Naming in file systems

Required reading: nami() and associated functions, sysfile.c.

why do you want names as part of your storage system?
  hard for users/apps to keep track of disk addrs
  directories aid scaling, avoid name conflicts
  security / consistency are easier with an abstract interface
interface
  pathnames: x, 828/x, /usr/rtm/828/x
  directory tree with root at /
  special entries in each directory: ., ..
  current working directory (cwd)
    cat 828/x
    cd 828 ; cat x
    per process
  name ops: open(), chdir(), creat(), mkdir(), unlink(), link()
some implications of interface
  could I implement by putting file info in directory entry?
    this is how DOS / early Windows FAT file system worked
  ln a b ; rm a ; cat b
  fd = open("x"); unlink("x"); write(fd, "z", 1);
  mkdir d ; cd d ; rmdir ../d
  so underlying file has existence independent of name
  thus i-nodes
  a dirent contains a name and an i-number
    dirent does *not* contain the file info
removing a directory
  only allowed if you first remove contents
    otherwise allocated but un-nameable i-nodes
    can't remove a file with no name!
  thus recursive rm -rf
    remove directory contents (recursively)
    then remove empty directory
hard links
  mkdir d
  ln d d/x
  rm -rf d
  will the rm ever finish?
  how can we deal with this?
    you are not allowed to hard-link to a directory
    thus there can be no cycles, so rm -rf will finish
symbolic links are allowed for directories
  ln -s d d/x
  the symbolic link doesn't prevent removal of pointed-to file/dir
  and symbolic link can be removed w/o worrying about what it points to
  consequence: symlink lookups can fail

xv6 file system naming implementation

disk structure (sheet 31)
  dirent contains name/i-number pairs
  IBLOCK(inum) turns i-num into disk block of i-node
on-disk i-node
  type is DIR, FILE, or 0 (free)
  nlink is link count -- # of dir entries pointing to this i-num
    this is for "ln a b ; rm a" 
    link count can be zero for non-free file! why?
in-core i-node structure (sheet 32)
  ref is # in-core references
    FDs, CWDs, some transient references in namei()
    iget() / iput() (sheet 38)
  I_BUSY ilock() / iunlock()
  I_VALID
namei() looks up names (sheet 43)
  turns a pathname into an in-core inode pointer
  three uses:
    read-only (open, chdir)
    create -- you really want the parent directory
    delete -- ""
  aux functions: dirlookup() and dirlink()
    used by callers during create and delete
what makes name lookup tricky?
  locking
  create/create race
  lookup/delete race
    either unlink or rmdir
    is someone freeing/reallocating an inode we're using / about to use?
    particularly while looking up i-number from dirent
  some obvious locking schemes don't work:
    namei(d1/d2/f) -> ilock(d1) ; ilock(d2) ; iunlock(d1)
    no! deadlock.
    namei(d/..)
    or namei(./d) and namei(./..) (where CWD is d)

V6 code examples

Questions:

Plenty of complexity here just to keep naming data structures internally consistent in the face of concurrency.

Much that is useful for programs also: concurrent creates do something reasonable, your open file doesn't die just because someone renames the file, etc.

Sadly, the design is not perfect if you want to write secure privileged code.

  a name can change meaning underfoot
  suppose root periodically cleans up /tmp
    rm /tmp/* /tmp/*/*
  that's really two steps:
    generate a list of all files
    unlink() each one
  attacker could:
    mkdir /tmp/d
    cp /dev/null /tmp/d/passwd
    wait until root about to rm /etc/d/passwd...
    rm -rf /tmp/d
    ln -s /etc /tmp/d
  called "time of check to time of use" (TOCTTOU) bug
    they are fairly common and could be reduced by a better API
Link, unlink, chdir, mount, umount could have taken file descriptors instead of their path argument.
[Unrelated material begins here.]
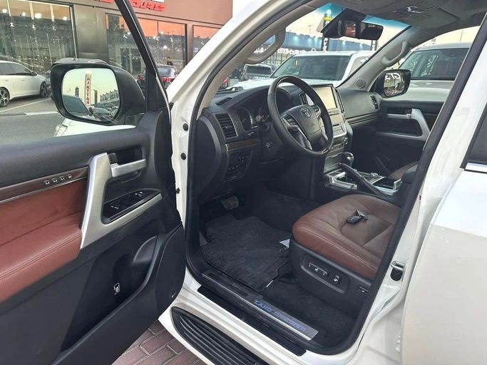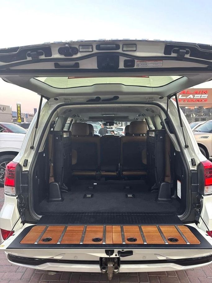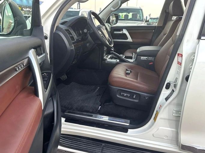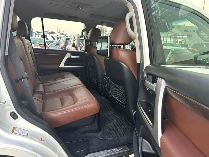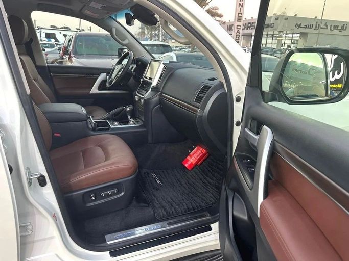 Toyota Land Cruiser VXR V8 5.7 GCC specification, top-of-the-line, fully loaded with leather interior, sunroof, large screen, camera, push-button start, and blind spot monitoring. Original paint, full service history up to 160,000 km. Very clean, no accidents. White exterior, brown interior. Interior features: - Air conditioning - CD player - DVD player - MP3 interface - Power seats with memory Exterior features: - Performance tires - Premium paint Safety features: - 4WD - Adaptive lighting - LED headlights - Rear-wheel drive - Xenon headlights Comfort & Convenience: -
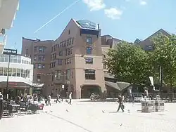 This shopping centre is the largest in Amsterdam. It is located near the Amsterdam Bijlmer ArenA railway station and the ArenA Boulevard (Amsterdam ArenA, Heineken Music Hall, Pathé ArenA), adjacent to the Bijlmermeer neighbourhood, noted for its multicultural population.[1] In the shopping centre there is a location for the Tickets & Service room for the railway station. There are also 225 shops. The public spaces on the Amsterdamse Poort were designed by the Dutch landscape architects Karres en Brands.[2]

In fact, this would get rid of some possible race conditions (some of which have security implications, TOCTTOU). However, this would require that the current working directory be remembered by the process.

Next lecture we'll think about how to maintain (really regain) consistency if there's a power failure or crash in the middle of the FS code updating the disk!